Духовный, нравственный смысл труда, как деяния, высветляющего, облагораживающего душу, радость осмысленного, как мы говорим даже — творческого, труда даны далеко не всякому человеку. Как трудно постигает Алька, приехавшая после смерти матери на побывку домой, эту, казалось бы, немудреную истину: «Неужели же испечь хороший хлеб это и есть самая большая человеческая радость? А у матери, как запомнила Алька, не было другой радости. И только в те дни добрела и улыбалась (хоть и на ногах стоять не могла), когда хлеб удавался».
И конечно же, драма Пелагеи не столько вина, сколько беда и расплата за отступления от самой себя. В Альке — не только драма, но и вопрос, важнейший вопрос, который ставит писатель перед современным читателем.
Повесть «Алька» мне кажется написанной не в полную силу писательских возможностей, не вровень с повестью «Пелагея» или романом «Две зимы и три лета», — есть в ней беглость, поспешность.
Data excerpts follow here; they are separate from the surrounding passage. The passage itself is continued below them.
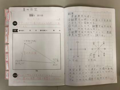 星座早見の使い方を確かめて星座を探したり、どんな星が見えるのかをノートにまとめたりすることができました。
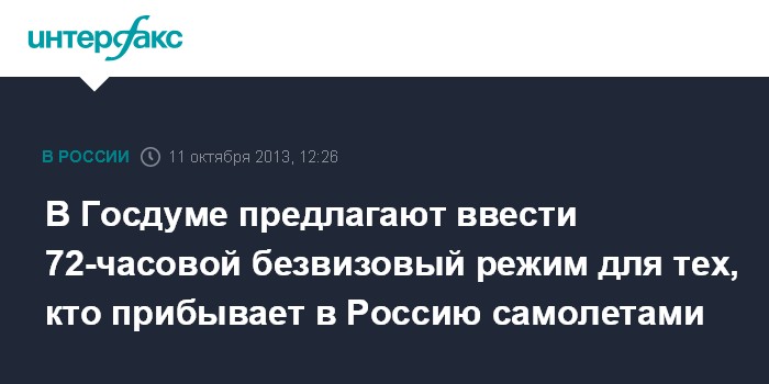 Санкт-Петербург. 11 октября. INTERFAX.RU - Возможность распространения практики безвизового 72-часового пребывания иностранных туристов в РФ на тех, кто прилетел в страну самолетами, рассматривается в Госдуме.
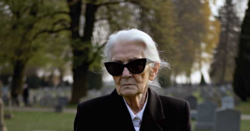 When I turned to leave, I spotted a thin silhouette a few rows away, next to a fresh grave. An old blind woman, dressed in a simple black outfit, leaning on a white cane.
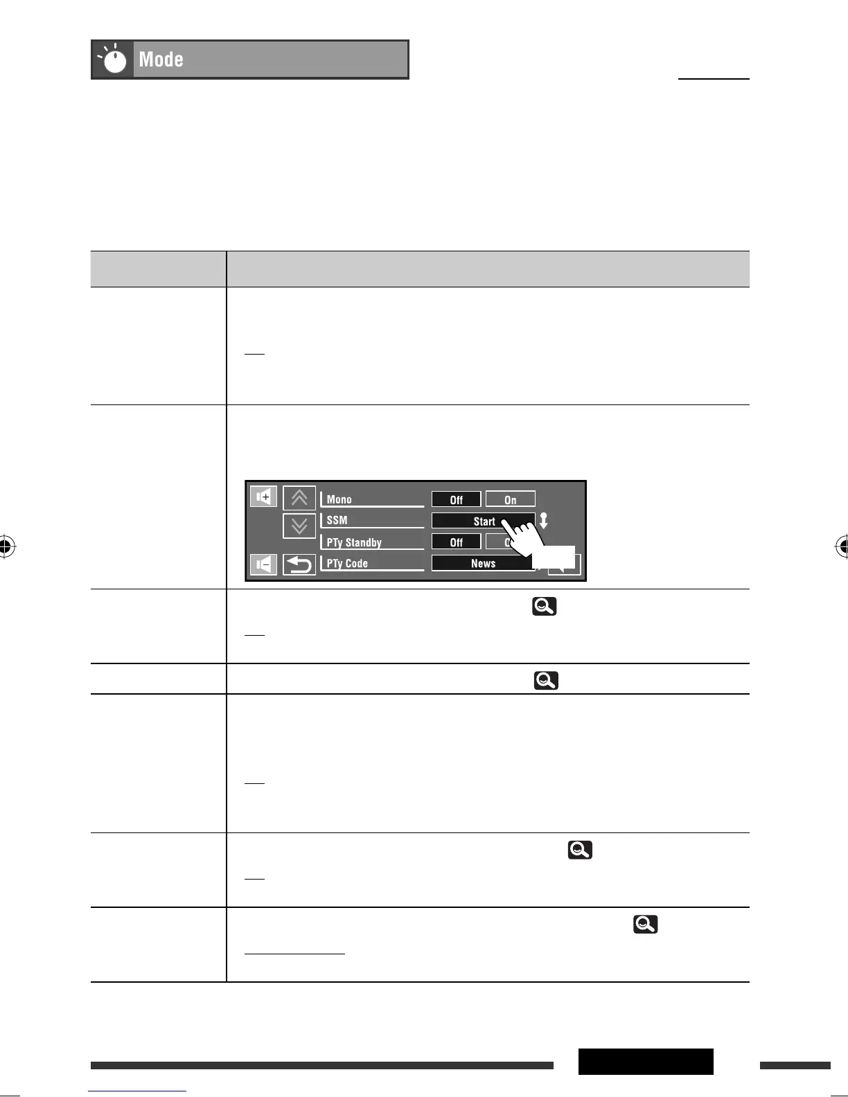 Mono When an FM stereo broadcast is hard to receive, activate monaural mode for better

Но есть и свой нерв, сегодняшний, повторяю, наисовременнейший вопрос. Писатель, чуткий к движению народной жизни, не мог пройти мимо того нового, что в последнее десятилетие пришло в эту жизнь. И в «Пелагее» (время действия — середина шестидесятых годов) и особенно в «Альке» (уже самые последние годы) мы встречаем деревню нынешнюю, то есть богатую, где вопрос о куске хлеба давно и окончательно решен. Пришла в деревню эта — сказочной в войну казалась — сытая пора. Помните: «Когда война кончится — вот заживем... Дома выстроим новые, в каждом доме корова, овцы будут... и хлеба — сколько хошь хлеба». Но не нужны Алевтине ни корова, ни овцы, да и дом материнский ей казался не нужен: велела продать. А что ей нужно?.. Для счастья, для покоя в душе, для совести своей?.. Тряпки, наряды, легкий заработок да веселая жизнь?.. Не мало ли?..
И почему, унаследовав от матери стыдное, за что недолюбливали ее в деревне, тот самый собственнический, хоть и на новый манер, эгоизм, она вдруг утратила высокое — поглощенность делом, которое больше тебя, подлинно человеческим трудом? И не потому ли бьется она в истерике, в слезах (тетка, тетка... пошто меня никто не любит?»), не потому ли чувствует вину перед матерью и даже в память о ней решает остаться в колхозе, — но это решение падает под напором суетности, привычки «красиво жить».